Pasteur's artistic insight changed chemistry

Pasteur's artistic insight changed chemistry

If you have ever had milk, you’re probably familiar with the work of Louis Pasteur, the 19th-century French chemist and biologist. He prevented diseases, developing a process — widely known as pasteurisation — for killing microbes in milk and wine. He also created vaccines for rabies and anthrax. And his ideas led to the acceptance of germ theory, the notion that tiny organisms caused diseases like cholera. “He’s considered the benefactor of mankind,” said Joseph Gal, a chemist and professor emeritus at the University of Colorado, USA. But before all that, Louis was an artist. And without his early creative explorations, he may not have made one of his most monumental, but least talked about, discoveries in science, one with far-reaching implications.

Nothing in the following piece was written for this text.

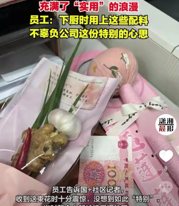即時兩岸 國際婦女節 | 公司送女員工薑蔥蒜花束 放工回家即可煮餸 (22:31) 發佈於 8 個月 前 2025 年 3 月 8 日 By 明報 湖南省《瀟湘晨報》報道,3月8日國際勞動婦女節當天,有公司給女員工們送上了極具特色的「薑蔥蒜花束」,一改傳統鮮花禮品的套路,在網絡引發廣泛關注。 該公司員工透露,由於公司內已婚女性佔比較大,管理層考慮到大家平日忙碌於家庭與工作之間,日常下廚在所難免,於是「精心策劃」了這份特別的禮物。 當女同事們收到這束由新鮮薑蔥蒜捆綁而成,還裝飾有精美絲帶的「花束」後,既能帶來歡樂,還可以帶回家做菜。不過也有網民表示,女性節日還是不能脫離「煮飯婆」的固化看法。(綜合報道) 相關文章:國際婦女節婦女節煮餸編輯推介花束薑蔥蒜花束 Up Next 兩會 | 今天日程:民生主題記者會 政協第三次全體會議 台灣團開放採訪 (00:05) 不要錯過 兩會 | 新疆官員:民眾可以自由選擇工作 (17:32) 繼續閱讀 贊助商 猜你喜歡 李家超婦女節酒會致辭稱讚女性公務員 局長近半女性歷屆政府比例最高 (12:28) 女強人陳翊庭為性別平等敲鐘 迎婦女節 三八國際婦女節招待會北京舉行 諶貽琴:年內辦全球婦女峰會 (23:53) 三八婦女節 深圳6大景點推女士優惠|著數情報 (18:00) 黃山丹霞山等知名景區三八婦女節對女遊客免票 (20:45) 加沙一隅.短片:加沙戰火下度婦女節 巴人婦女嘆沒餘力慶祝 (13:19)

In a paper published last month in Nature Chemistry, Joseph explains how a young Louis fought against the odds to articulate the existence of chirality, or the way that some molecules exist in mirror-image forms capable of producing very different effects. Today we see chirality’s effects in light, in chemistry and in the body — even in the drugs we take. And we might not know a thing about them if it weren’t for the little-known artistic experience of Louis Pasteur, Joseph says. Louis was born in 1822 to a French family of modest means. As a teenager, Pasteur was known for his portraits. But at his father’s urging, he became a scientist. At the age of 24, he discovered chirality.

Molecular secrets in wine

To understand chirality, consider two objects held up before a mirror: a white cue ball from a pool table and your hand. The reflection of the ball is exactly like the original. If you could reach into that mirror, pull out the reflection and cram it inside the original, they’d match up point for point. But if you tried the same thing with your hand, no matter how much you tried, the mirror image would never fit into the original.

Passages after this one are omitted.